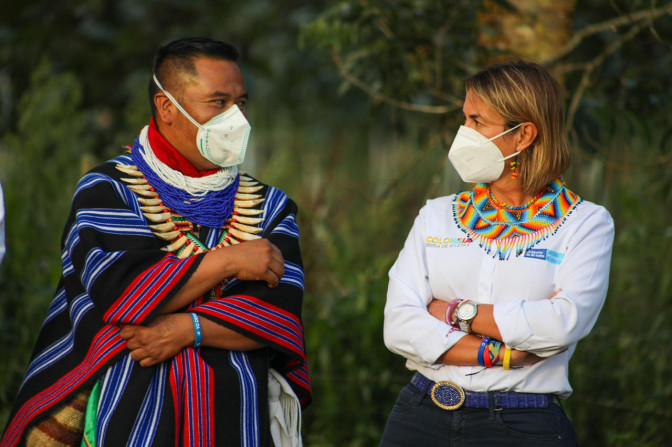 Sibundoy, 26 de marzo de 2021. La viceministra Lina Barrera, en representación del Ministerio del Deporte, visitó este jueves y viernes el Valle de Sibundoy, en el departamento de Putumayo, cumpliendo el compromiso establecido entre la entidad y los pueblos indígenas de la región, para el fortalecimiento de la infraestructura deportiva y las prácticas ancestrales.
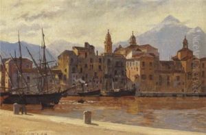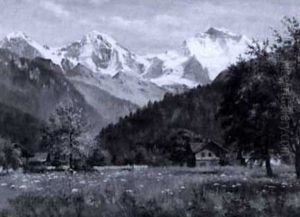 Bjergparti Fra Norditalien. I Forgrunden En Lille By Ved Flodbredden
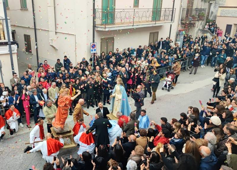 Strade gremite, questa mattina, a Soverato, dove è tornato il rito religioso più emozionante della Santa Pasqua: ‘a Cumprunta.
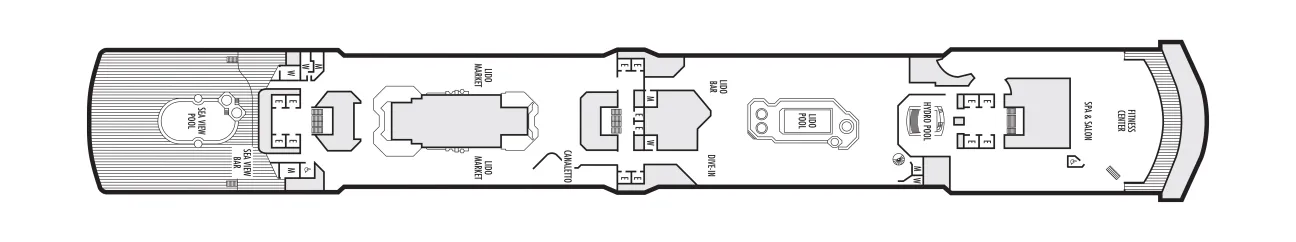 - You're never far from R&R on this deck. The Lido deck pools, Fitness Center and Spa & Salon await a deck above.
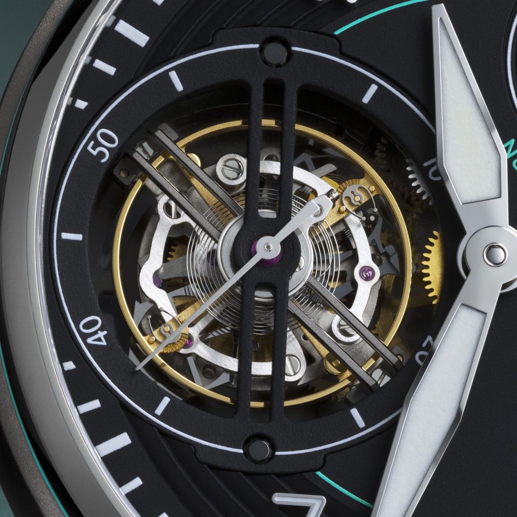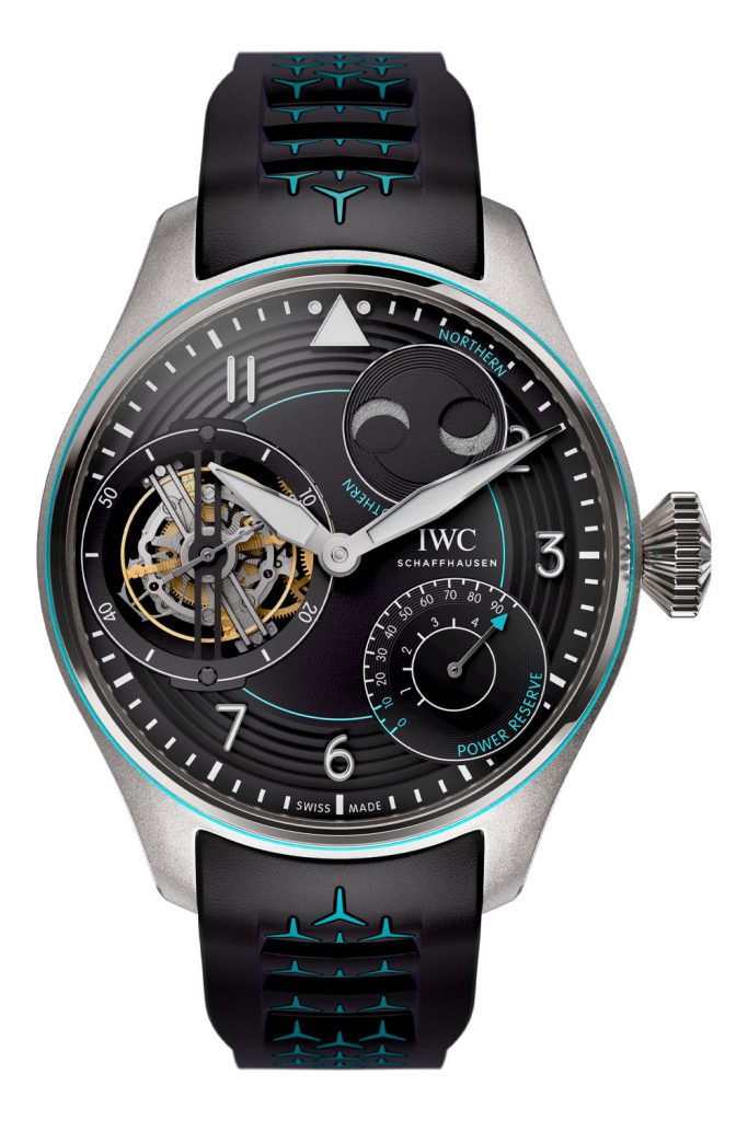 The black dial of the perfect fake IWC Big Pilot’s Watch Constant-Force Tourbillon Edition AMG One Owners IW590502 is classic to the collection, with oversized luminous hands and applied markers. It features a dual-moon for northern and southern hemispheres, a power reserve indicator and light green AMG-Petronas accents. The highlight is, of course, the massive tourbillon regulator and its constant-force device at 9 o’clock.
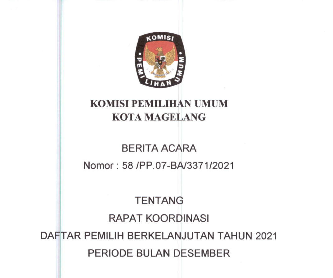 Berita Acara Rapat Koordinasi Daftar Pemilih Berkelanjutan Tahun 2021 Periode Bulan Desember Jumat, 24 Desember 2021 20:21 757 Selengkapnya Klik Berita Acara Nomor 58/PP.07-BA/3371/2021 tentang Rapat Koordinasi Daftar Pemilih Berkelanjutan Tahun 2021 Periode Bulan Desember Baca Selengkapnya
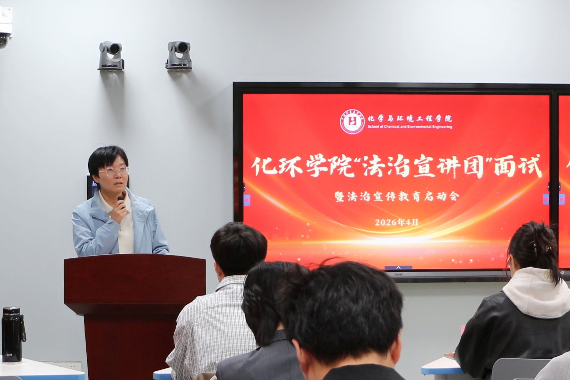 为扎实开展法治教育,提升青年法治意识,2026年4月7日19:00,化学与环境工程学院“法治宣讲团”选拔面试于沙教1-304顺利举行。本次面试特邀文法学院副教授、法学系副主任朱梦妮、化环学院党委副书记尹娟,以及各年级辅导员老师担任评审嘉宾,此次面试选拔由要洋洋主持。

**Instructions to follow:** Since the pictures are not wanted, copy only the text of the records above, exactly.

**Completed exercise:**
 Sibundoy, 26 de marzo de 2021. La viceministra Lina Barrera, en representación del Ministerio del Deporte, visitó este jueves y viernes el Valle de Sibundoy, en el departamento de Putumayo, cumpliendo el compromiso establecido entre la entidad y los pueblos indígenas de la región, para el fortalecimiento de la infraestructura deportiva y las prácticas ancestrales.
 Bjergparti Fra Norditalien. I Forgrunden En Lille By Ved Flodbredden
 Strade gremite, questa mattina, a Soverato, dove è tornato il rito religioso più emozionante della Santa Pasqua: ‘a Cumprunta.
 - You're never far from R&R on this deck. The Lido deck pools, Fitness Center and Spa & Salon await a deck above.
 The black dial of the perfect fake IWC Big Pilot’s Watch Constant-Force Tourbillon Edition AMG One Owners IW590502 is classic to the collection, with oversized luminous hands and applied markers. It features a dual-moon for northern and southern hemispheres, a power reserve indicator and light green AMG-Petronas accents. The highlight is, of course, the massive tourbillon regulator and its constant-force device at 9 o’clock.
 Berita Acara Rapat Koordinasi Daftar Pemilih Berkelanjutan Tahun 2021 Periode Bulan Desember Jumat, 24 Desember 2021 20:21 757 Selengkapnya Klik Berita Acara Nomor 58/PP.07-BA/3371/2021 tentang Rapat Koordinasi Daftar Pemilih Berkelanjutan Tahun 2021 Periode Bulan Desember Baca Selengkapnya
 为扎实开展法治教育,提升青年法治意识,2026年4月7日19:00,化学与环境工程学院“法治宣讲团”选拔面试于沙教1-304顺利举行。本次面试特邀文法学院副教授、法学系副主任朱梦妮、化环学院党委副书记尹娟,以及各年级辅导员老师担任评审嘉宾,此次面试选拔由要洋洋主持。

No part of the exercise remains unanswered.